If it really darkest before the dawn, it is getting pretty darn dark in America’s oil fields. But the many have predicted all along that this downturn will need to hit a hard bottom before there is any chance of a lasting upturn.
A new analysis published by Bloomberg indicates that we may be just about there. It looks at the decline in rig counts over the last five years. Take a look at the full report here. It is a moving image that compresses five years of rig counts into a few seconds. It shows very graphically how fast the drop has been, but it also shows that we still haven’t seen a comparable drop in production.
What does this mean? First, a disclaimer – This is by no means an expert analysis of the economics of oil and gas. However, there are a couple of things that jump out from these two graphs.
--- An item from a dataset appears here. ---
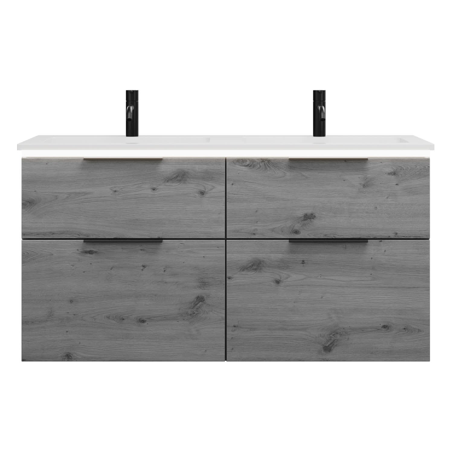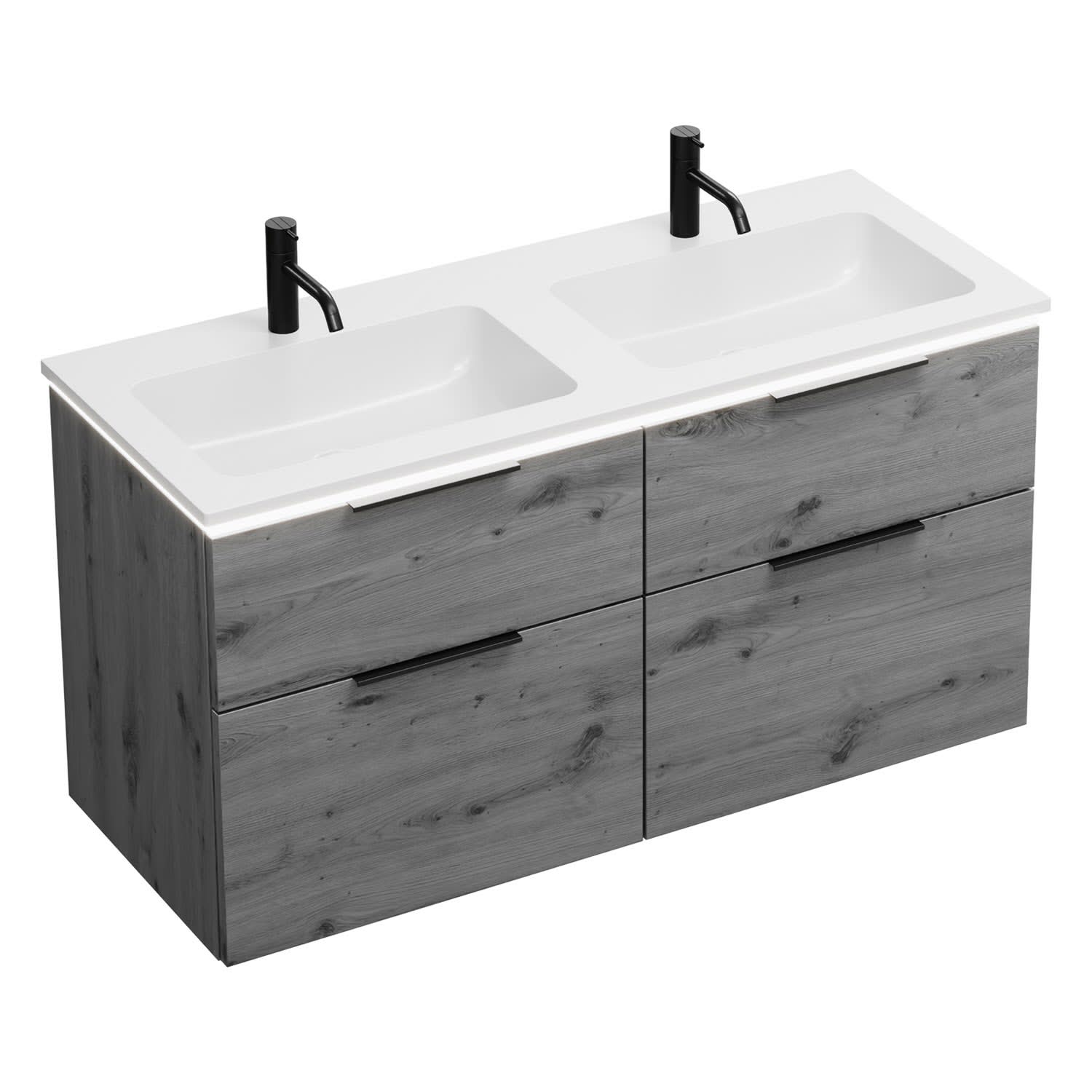 burgbad Eqio Waschtischkombination mit Mineralguss-Doppelwaschtisch und LED-Beleuchtung, 122 cm, mit Griff G0200

First, production may be looking over the edge of the cliff. Production always follows drilling more slowly on a drop than on a rise. Increased drilling equals high production relatively quickly, as soon as the new wells go on line. However, there is a time delay for production to follow a drop in drilling because the well output has to decline before it shows up as a production decrease. How much of a delay? By some estimates, annual average decline rates for the three top producing land plays in the U.S. are between 22% and 55%. However, first year decline rates are much steeper; a well in the Bakken may decline more than 70% in the first year. So, if the big drop in rig count hit in at the end of the first quarter of 2015, we may see some very steep declines in production from some regions within the next few months.
There are a few caveats to this however:
- Rigs are becoming more efficient, meaning a drop in rig count doesn’t equal a one-to-one decrease in new wells.
- The Bloomberg analysis appears to include offshore production, which skews the result. For example, Gulf production is actually expected to increase in the near term.
- This does not include drilled but uncompleted (DUC) wells. There were an estimated 4700 DUCs a year ago and the number has climbed. They could go on line relatively quickly if prices go up, bumping production.
Second, a decline in production could move the pain from the collapse of oil to some new sectors. Transportation may be punished by the decline. Right now rail, pipeline and trucking are seeing some shifting of routes for oil. A general production decline means less oil to move from every reservoir area. Some production services are still in demand as production stays high. A drop in production could be punishing to those companies.
The other key to this is what is happening around the world. We don’t know much about how different oil companies in different countries are managing their reserves. The race is on to produce as much as possible in an effort to keep the company solvent, but at what cost? Without proper management, a lot of the oil and gas may be unrecoverable, especially at low prices. That further exacerbates the drops in production for years to come.
Will a production decline re-balance the world supply and demand? We may not have to wait more than a few months to see some indications.